Windler returned to the Cavaliers for the 2020–21 season. He made his NBA debut on December 23, 2020, recording three points and two steals in a 121–114 win over the Charlotte Hornets. On February 23, 2021, he scored a career-high 15 points in a 112–111 win over the Atlanta Hawks.

During the 2021–22 season, Windler was assigned six times to the Cleveland Charge of the NBA G League. He also received six assignments to the Charge late in the 2022–23 season.
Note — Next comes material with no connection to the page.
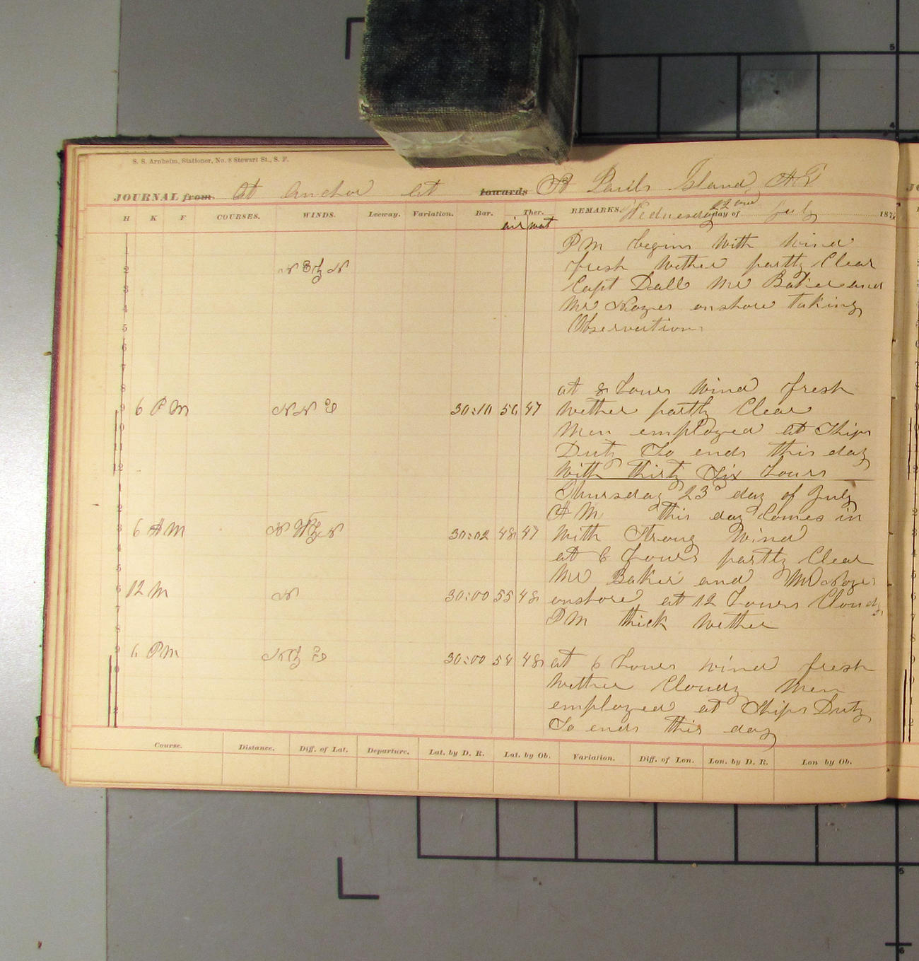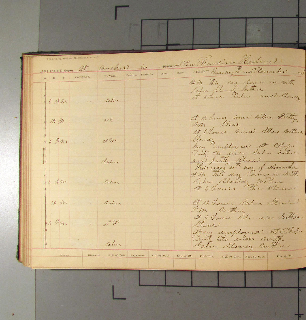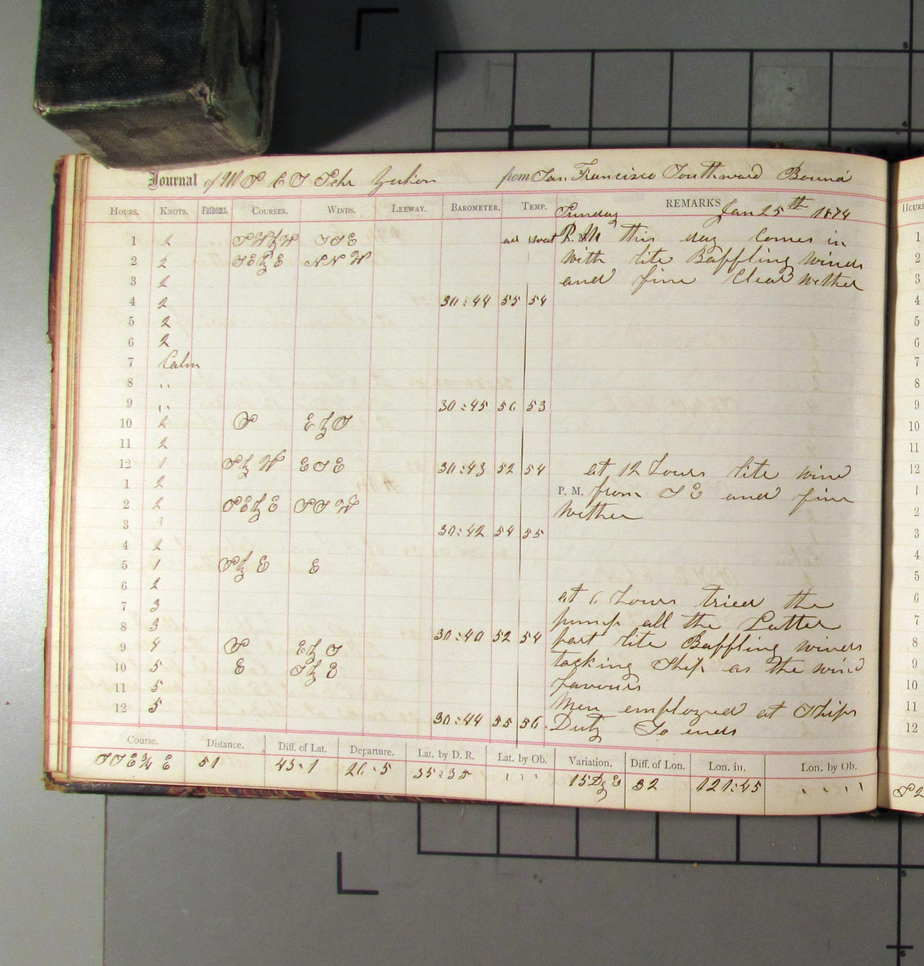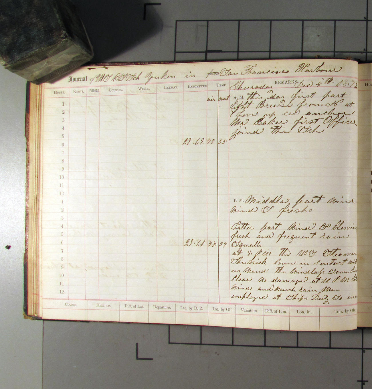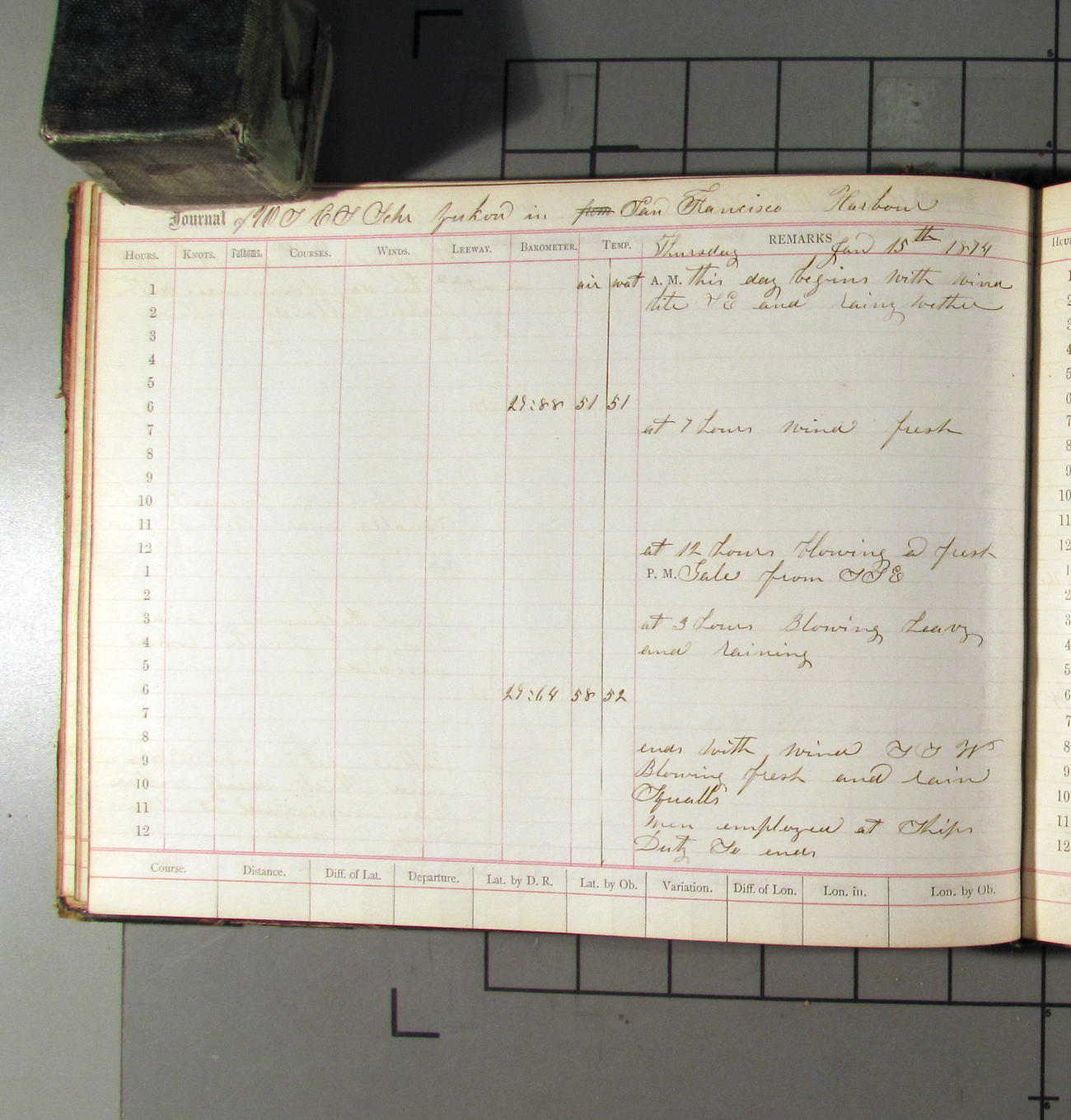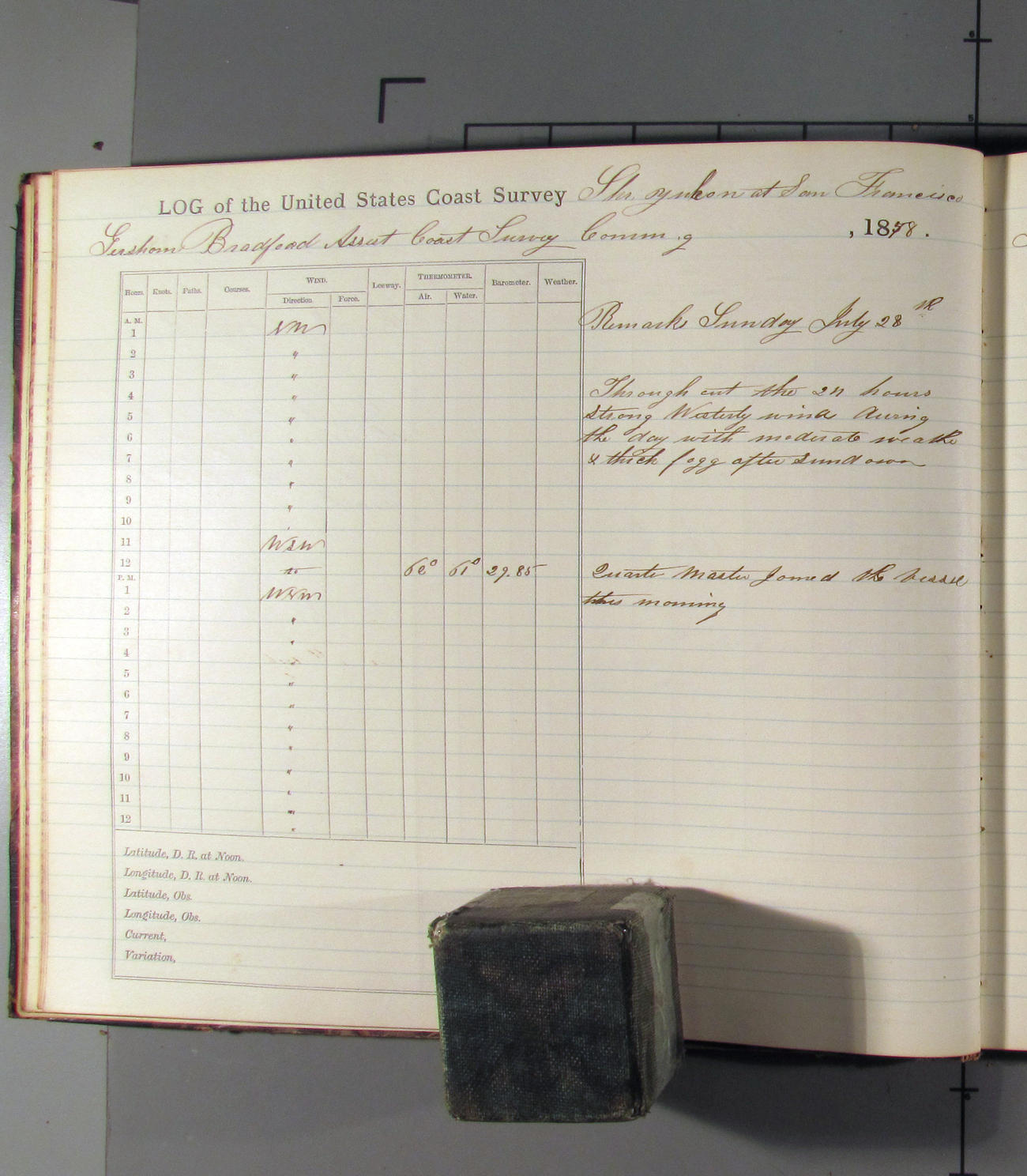 LOG BOOK – APRIL 28th 1873 TO NOVEMBER 9th 1873

===New York / Westchester Knicks (2023–2024)===
On July 26, 2023, Windler signed a two-way contract with the New York Knicks. The contract was later converted into a standard contract prior to the start of the regular season. He was assigned several times to the Westchester Knicks in November and December before being waived by New York on December 13. He was acquired by Westchester as a regular player two days later. On January 5, 2024, he recorded 23 points and 33 rebounds in a 128–121 win over the Delaware Blue Coats, breaking the all-time NBA G League record for most rebounds in a game.
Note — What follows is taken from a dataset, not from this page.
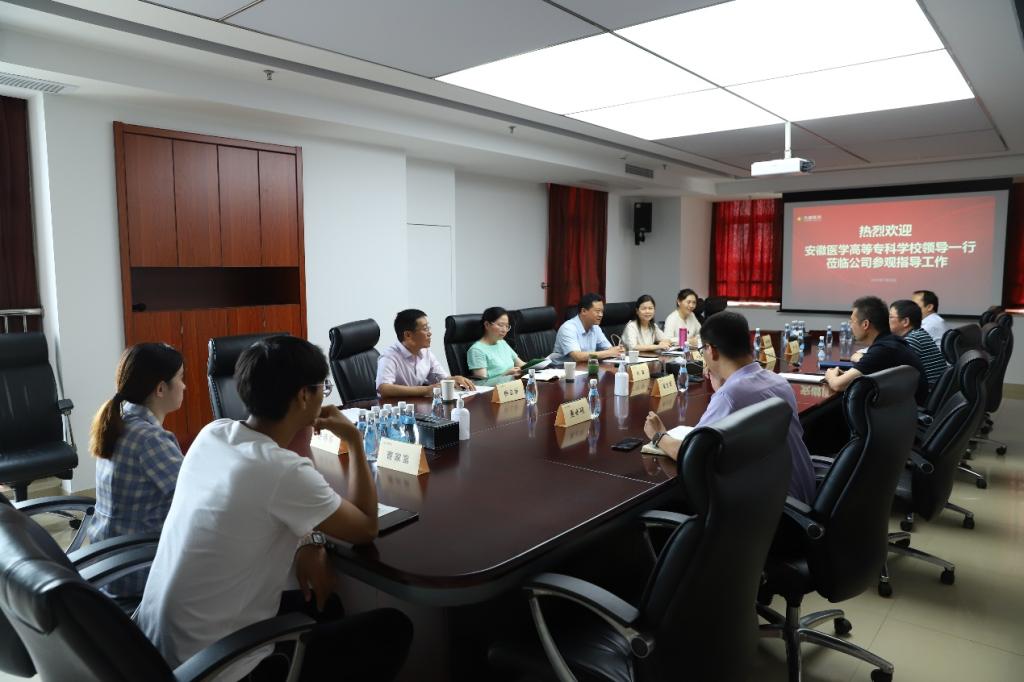 为深入贯彻落实党中央、国务院关于高校毕业生就业工作的决策部署,扎实推进“高校书记校长访企拓岗促就业”专项行动,持续深化校企合作和产教融合,助力毕业生高质量充分就业,7月20日下午,校党委委员、副校长严继贵带队,校党委委员、教务处处长朱霖,实验室与设备管理处及药学院负责人等一行5人赴安徽天星医药集团有限公司和合肥大药房连锁有限公司考察交流。严继贵一行受到安徽天星医药集团公司总经理倪华安、合肥大药房连锁有限公司总经理刘正梅等的热情接待,并分别进行了座谈交流。
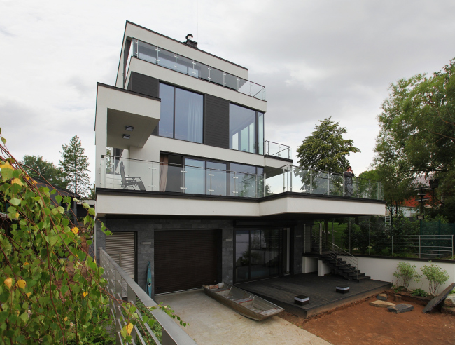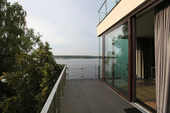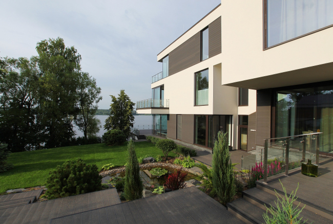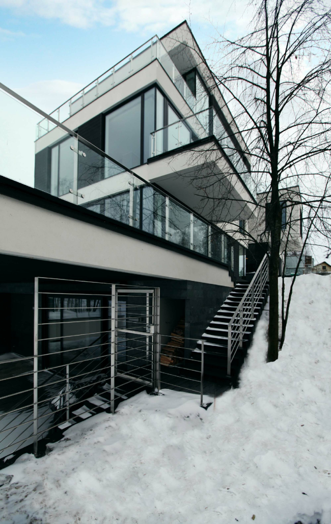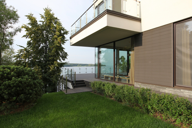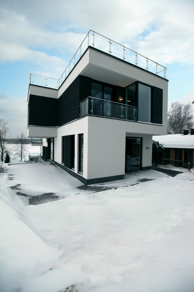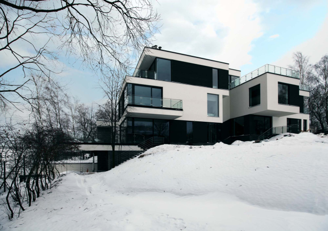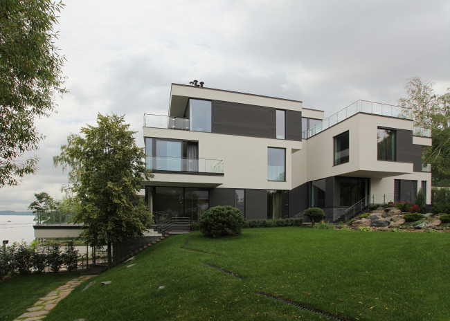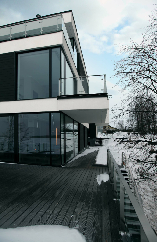 Новый дом – подчеркнуто современной архитектуры, следует заветам Корбюзье и Райта. Белые стены со вставками темных панелей древесно-полимерного композита подчеркивают горизонтали. Консоли несколько усложняют силуэт. Панорамные окна «в пол», балконы, террасы и эксплуатируемая плоская кровля позволяют любоваться окрестностями в любых ракурсах. Безусловное достоинство участка – вид на Волгу. К реке обращен северный торец дома и хотя север – по определению не лучшая ориентация, в данном случае панорама позволяет, как поясняют авторы, созерцать и закат, и рассвет. Для чего северная стена дома в трех этажах выше цоколя стала почти полностью стеклянной. Дом на Волге © Бородавченко и партнеры

===Los Angeles / South Bay Lakers (2024)===
On January 6, 2024, Windler signed a two-way contract with the Los Angeles Lakers. He played eight games for Los Angeles in the NBA and three games for the South Bay Lakers in the G League. On March 2, he was waived by the Lakers.

===Atlanta Hawks (2024)===
On March 4, 2024, Windler signed a two-way contract with the Atlanta Hawks. He played six games for the Hawks to finish the 2023–24 season and then joined the Hawks in the 2024 NBA Summer League.

===Perth Wildcats (2024–present)===
On August 23, 2024, Windler signed with the Perth Wildcats of the Australian National Basketball League (NBL) for the 2024–25 season. In game two of the Wildcats' semi-finals series against Melbourne United, Windler recorded 27 points, 11 rebounds, four assists and four blocks along with six 3-pointers in a 96–89 series-tying win. Windler was the Wildcats' second-leading rebounder with 6.6 per game, while he also averaged 12.2 points, 1.5 steals and 1.1 blocks while shooting at 40 per cent from long-range on over five attempts per game.

On April 17, 2025, Windler re-signed with the Wildcats on a two-year deal. On September 27, 2025, he recorded 20 points and 15 rebounds in an 89–78 win over the New Zealand Breakers. In late January 2026, Windler suffered a torn plantar fascia. He played through the injury but his game time reduced drastically across the last two games of the regular season, spending only 18 minutes on court against the Adelaide 36ers and failing to score.

==Career statistics==

=== NBA ===

| Year | Team | GP | GS | MPG | FG% | 3P% | FT% | RPG | APG | SPG | BPG | PPG |
|---|---|---|---|---|---|---|---|---|---|---|---|---|
| 2020–21 | Cleveland | 31 | 0 | 16.5 | .438 | .338 | .778 | 3.5 | 1.1 | .6 | .4 | 5.2 |
| 2021–22 | Cleveland | 50 | 0 | 9.2 | .378 | .300 | .833 | 1.8 | .7 | .3 | .1 | 2.2 |
| 2022–23 | Cleveland | 3 | 0 | 3.5 | .667 | .500 | — | .0 | .3 | .3 | .0 | 1.7 |
| 2023–24 | New York | 3 | 0 | 2.5 | .500 | .500 | — | .3 | .3 | .0 | .0 | 1.0 |
| 2023–24 | L.A. Lakers | 8 | 0 | 3.5 | .444 | .500 | — | .4 | .8 | .0 | .0 | 1.5 |
| 2023–24 | Atlanta | 6 | 0 | 12.2 | .526 | .471 | — | 2.0 | .5 | .3 | .0 | 4.7 |
| Career |  | 101 | 0 | 10.8 | .425 | .347 | .800 | 2.1 | .8 | .4 | .1 | 3.2 |

===College===

| Year | Team | GP | GS | MPG | FG% | 3P% | FT% | RPG | APG | SPG | BPG | PPG |
|---|---|---|---|---|---|---|---|---|---|---|---|---|
| 2015–16 | Belmont | 32 | 1 | 18.4 | .495 | .239 | .667 | 4.5 | .9 | .6 | .6 | 4.3 |
| 2016–17 | Belmont | 30 | 30 | 30.1 | .533 | .398 | .733 | 6.3 | 1.6 | .9 | 1.0 | 9.2 |
| 2017–18 | Belmont | 33 | 33 | 35.4 | .559 | .426 | .718 | 9.3 | 2.7 | 1.0 | .9 | 17.3 |
| 2018–19 | Belmont | 33 | 33 | 33.2 | .540 | .429 | .847 | 10.8 | 2.5 | 1.4 | .6 | 21.3 |
| Career |  | 128 | 97 | 29.4 | .541 | .406 | .761 | 7.8 | 2.0 | 1.0 | .8 | 13.2 |

==Personal life==
Winder's wife Lauren gave birth to the couple's first child in December 2024 in Perth, Australia.